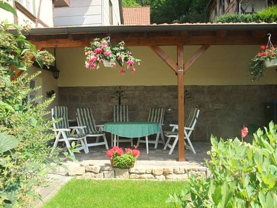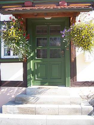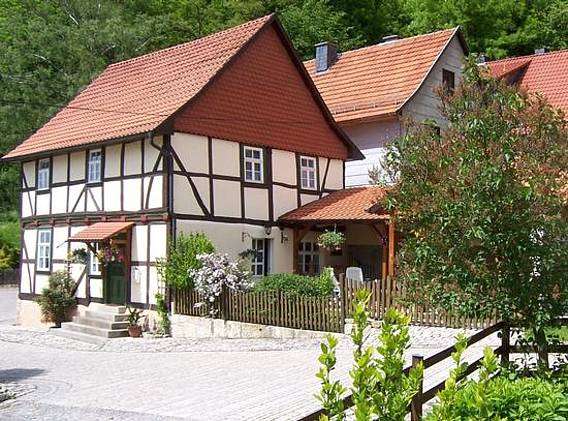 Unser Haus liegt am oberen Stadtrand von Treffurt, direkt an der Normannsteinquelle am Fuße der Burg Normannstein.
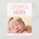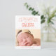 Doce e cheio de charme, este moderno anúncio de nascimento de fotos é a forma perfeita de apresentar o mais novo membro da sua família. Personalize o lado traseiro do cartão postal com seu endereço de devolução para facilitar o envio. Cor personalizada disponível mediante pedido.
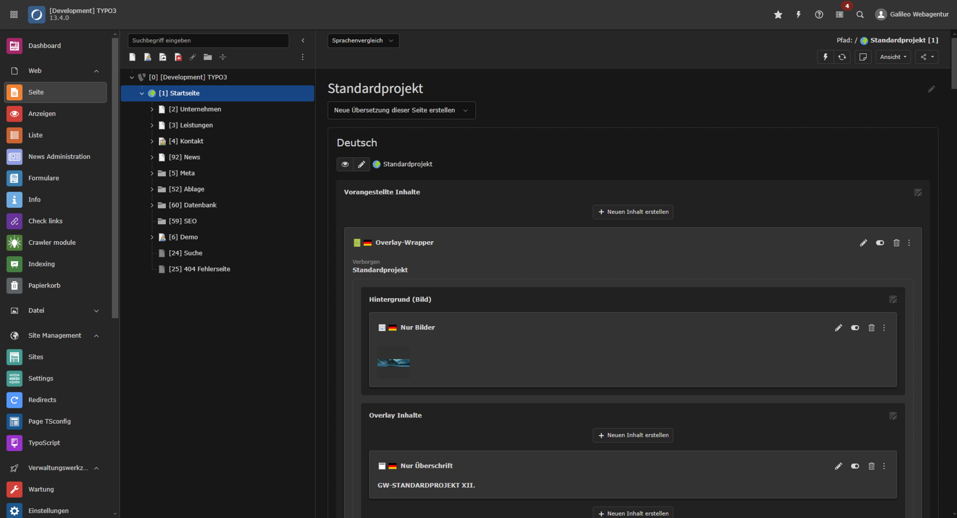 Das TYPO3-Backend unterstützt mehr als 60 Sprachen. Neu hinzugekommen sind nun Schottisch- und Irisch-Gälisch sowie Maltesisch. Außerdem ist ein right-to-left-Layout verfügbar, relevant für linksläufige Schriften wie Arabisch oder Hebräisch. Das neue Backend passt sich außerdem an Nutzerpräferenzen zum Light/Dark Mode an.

++++++++

Exercise aim
The data above, line by line: transcribe it exactly and drop the pictures.

Answer space
 Unser Haus liegt am oberen Stadtrand von Treffurt, direkt an der Normannsteinquelle am Fuße der Burg Normannstein.
 Doce e cheio de charme, este moderno anúncio de nascimento de fotos é a forma perfeita de apresentar o mais novo membro da sua família. Personalize o lado traseiro do cartão postal com seu endereço de devolução para facilitar o envio. Cor personalizada disponível mediante pedido.
 Das TYPO3-Backend unterstützt mehr als 60 Sprachen. Neu hinzugekommen sind nun Schottisch- und Irisch-Gälisch sowie Maltesisch. Außerdem ist ein right-to-left-Layout verfügbar, relevant für linksläufige Schriften wie Arabisch oder Hebräisch. Das neue Backend passt sich außerdem an Nutzerpräferenzen zum Light/Dark Mode an.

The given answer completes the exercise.